### Data below
┌────────

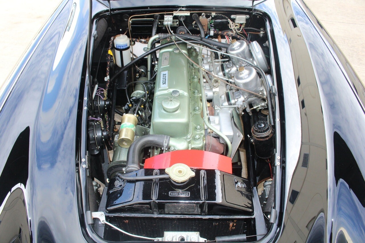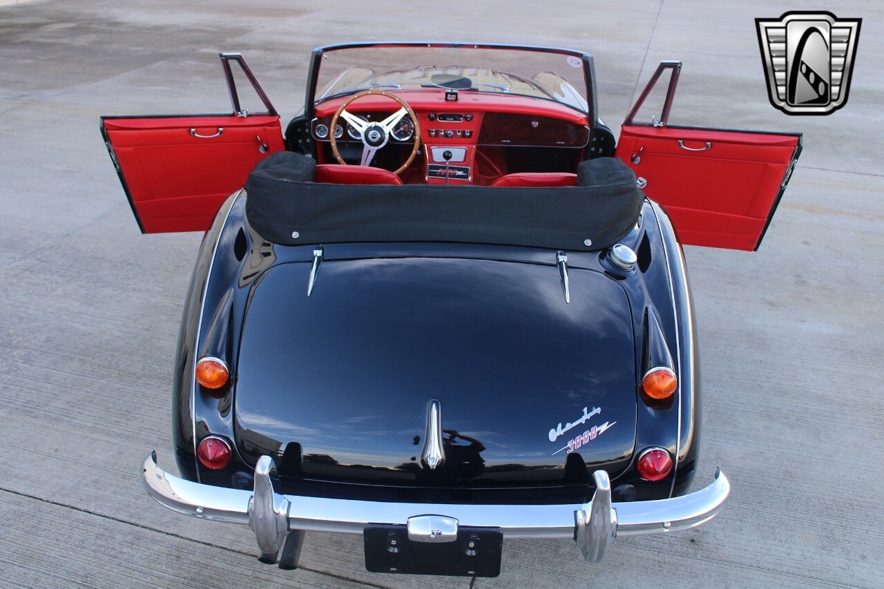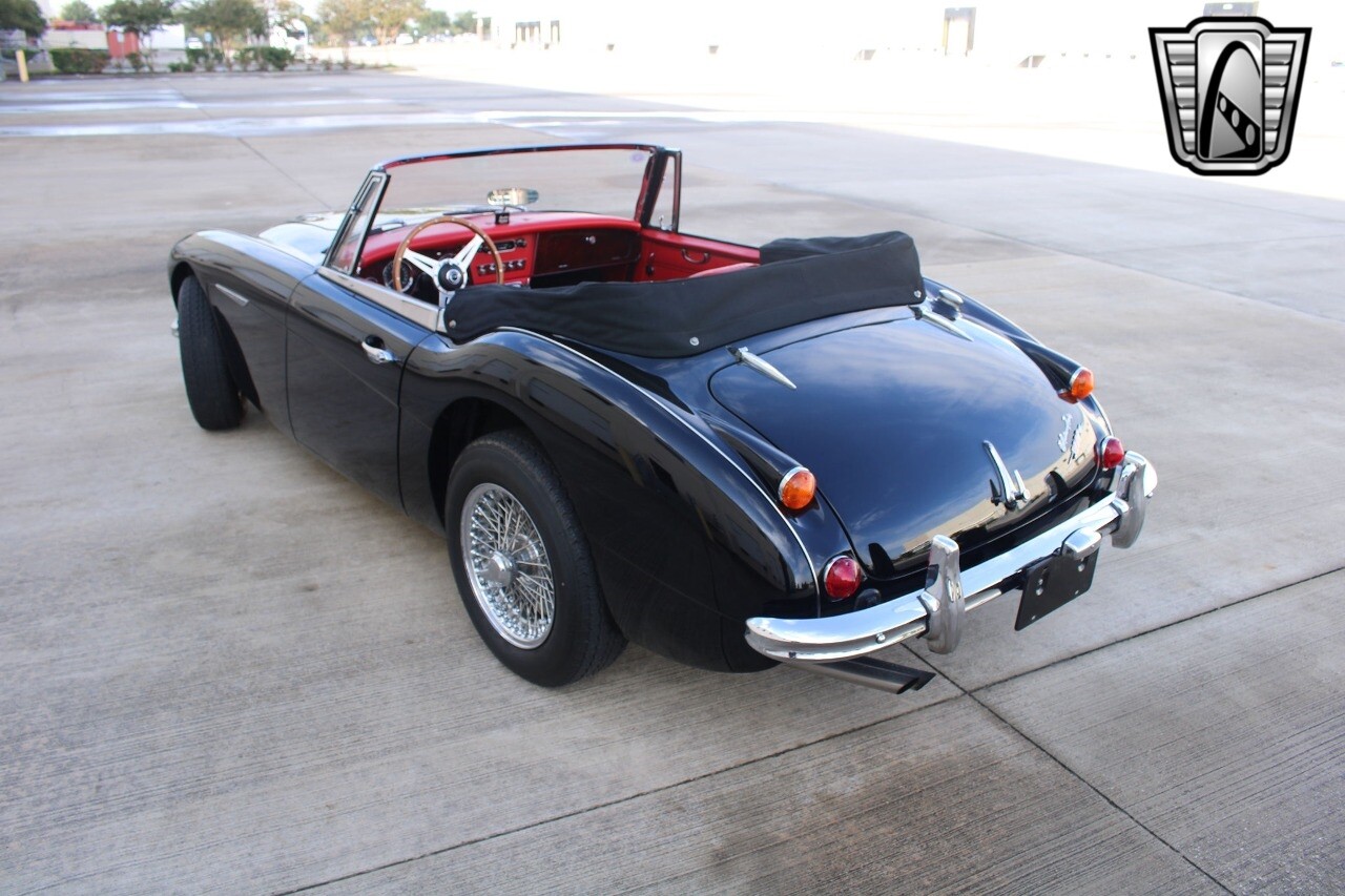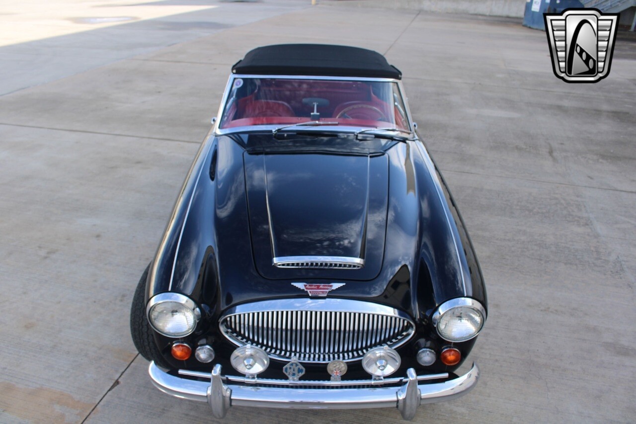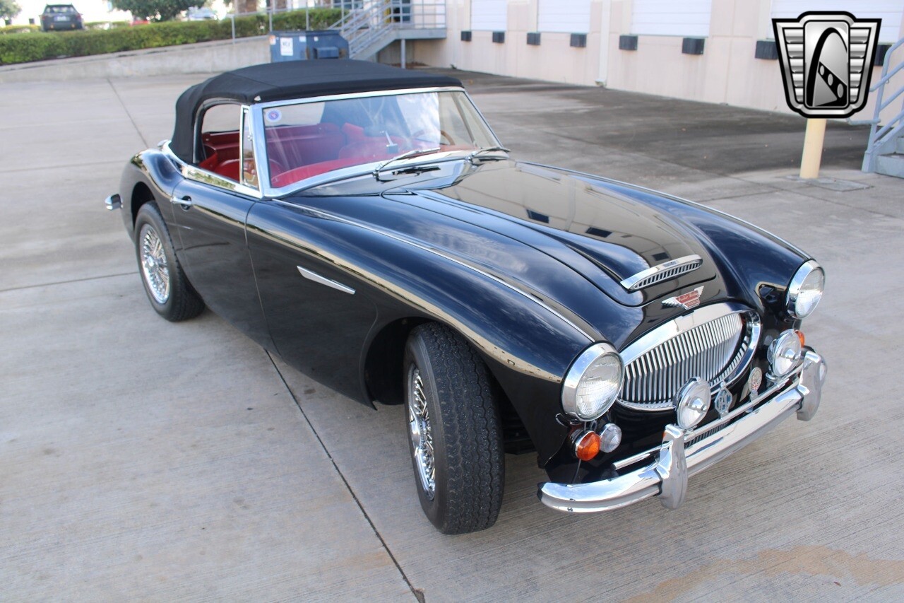 Gateway Classic Cars Houston Showroom is excited to offer this fine example of the last generation of the "Big Healey" for sale. This gorgeous black over red Austin-Healey 3000 Mark III BJ8 convertible is powered by a 2.9L inline six-cylinder engine, which is paired with a 4-speed manual transmission with overdrive. Respected Austin-Healey restoration authority British Motor Corporation performed a thorough restoration of this car (BMC has since seen its owner, Knut Holzer's retirement, and is now British Restorations, Inc.). The car comes with all roadside accessories, along with a restoration CD with scores of photos documenting the restoration process, and a folder full of information gathered on this car, including a British Motor Industry Heritage Trust Certificate. The paint looks amazing, the chrome sparkles, and the vibrant red interior looks virtually unused. Not only that, but the leather smells wonderful, and the exotic wood dash adds just the right vintage touch to go with its Smiths gauges. It rides on beautiful wire knock-off wheels (a proper disengagement tool is included for them), which are wrapped with radial tires that have plenty of tread life left. Occupants will appreciate the seat belts and the AM/FM radio (hidden behind the "3000" panel in the console center stack) during the many cruises that this car will no doubt be taken on by its new owner and a lucky friend. This "Big Healey" comes with additional features and accessories, such as the front badge bar with Lucas driving lamps, RAC and St. Christopher badges, a full tonneau cover, spare tire assembly with leather tie down, lead hammer, and wood knock-off protector. [ omitted ].
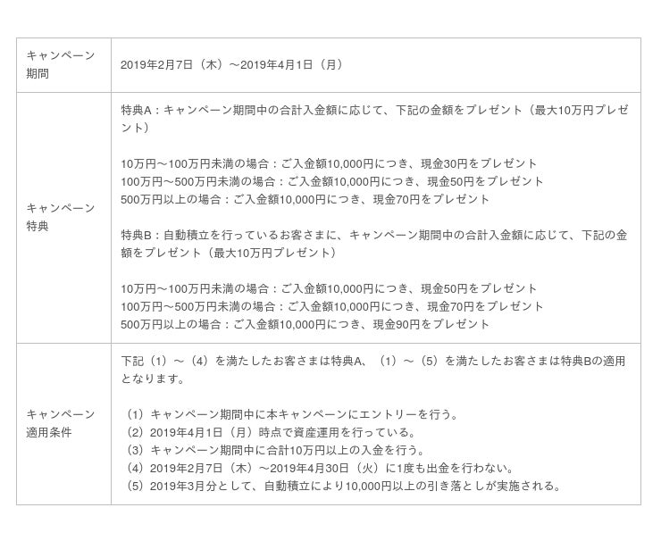 今回のキャンペーン(19年2月7日~19年4月1日)では、キャンペーン期間中にエントリーを行い、「WealthNavi for 住信SBIネット銀行」の口座に10万円以上を入金するなど、条件を満たしたお客さまを対象に、入金額に応じて最大10万円をプレゼントいたします。
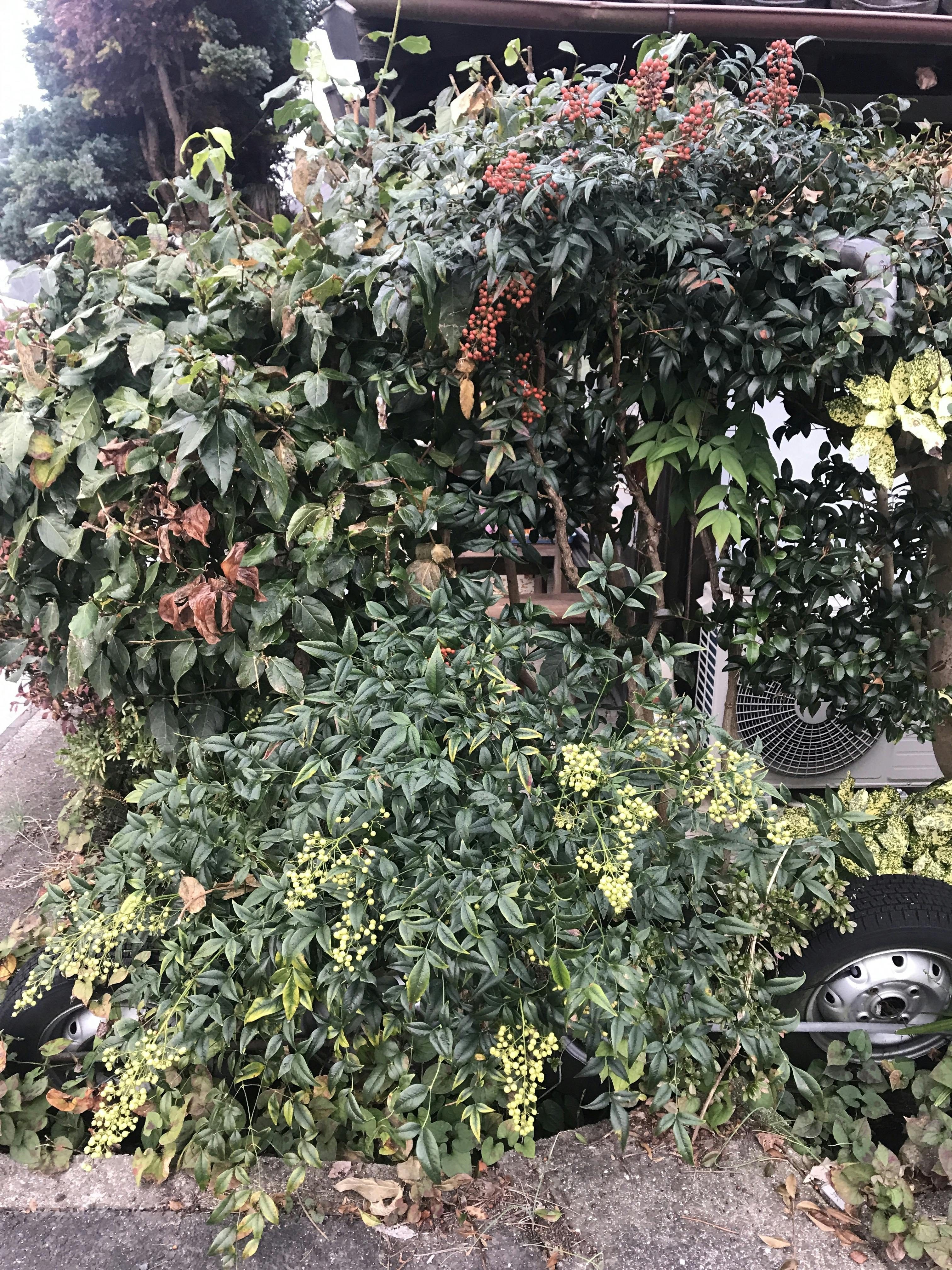 カフェ外に紅白の南天があります。縁起良い。収穫してお茶にします。
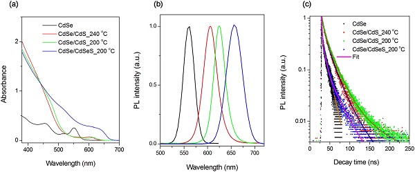(c)CdSe、CdSe/CdS和CdSe/CdSeS量子点的经典PL衰减曲线(点)和拟合曲线(实线),其中不同温度是在甲苯排放峰值处测量的,并以半对数尺度表示,激发波长设置为450 nm

└────────

Copy the data above line for line, skipping every picture.

### Answer
 Gateway Classic Cars Houston Showroom is excited to offer this fine example of the last generation of the "Big Healey" for sale. This gorgeous black over red Austin-Healey 3000 Mark III BJ8 convertible is powered by a 2.9L inline six-cylinder engine, which is paired with a 4-speed manual transmission with overdrive. Respected Austin-Healey restoration authority British Motor Corporation performed a thorough restoration of this car (BMC has since seen its owner, Knut Holzer's retirement, and is now British Restorations, Inc.). The car comes with all roadside accessories, along with a restoration CD with scores of photos documenting the restoration process, and a folder full of information gathered on this car, including a British Motor Industry Heritage Trust Certificate. The paint looks amazing, the chrome sparkles, and the vibrant red interior looks virtually unused. Not only that, but the leather smells wonderful, and the exotic wood dash adds just the right vintage touch to go with its Smiths gauges. It rides on beautiful wire knock-off wheels (a proper disengagement tool is included for them), which are wrapped with radial tires that have plenty of tread life left. Occupants will appreciate the seat belts and the AM/FM radio (hidden behind the "3000" panel in the console center stack) during the many cruises that this car will no doubt be taken on by its new owner and a lucky friend. This "Big Healey" comes with additional features and accessories, such as the front badge bar with Lucas driving lamps, RAC and St. Christopher badges, a full tonneau cover, spare tire assembly with leather tie down, lead hammer, and wood knock-off protector. [ omitted ].
 今回のキャンペーン(19年2月7日~19年4月1日)では、キャンペーン期間中にエントリーを行い、「WealthNavi for 住信SBIネット銀行」の口座に10万円以上を入金するなど、条件を満たしたお客さまを対象に、入金額に応じて最大10万円をプレゼントいたします。
 カフェ外に紅白の南天があります。縁起良い。収穫してお茶にします。
(c)CdSe、CdSe/CdS和CdSe/CdSeS量子点的经典PL衰减曲线(点)和拟合曲线(实线),其中不同温度是在甲苯排放峰值处测量的,并以半对数尺度表示,激发波长设置为450 nm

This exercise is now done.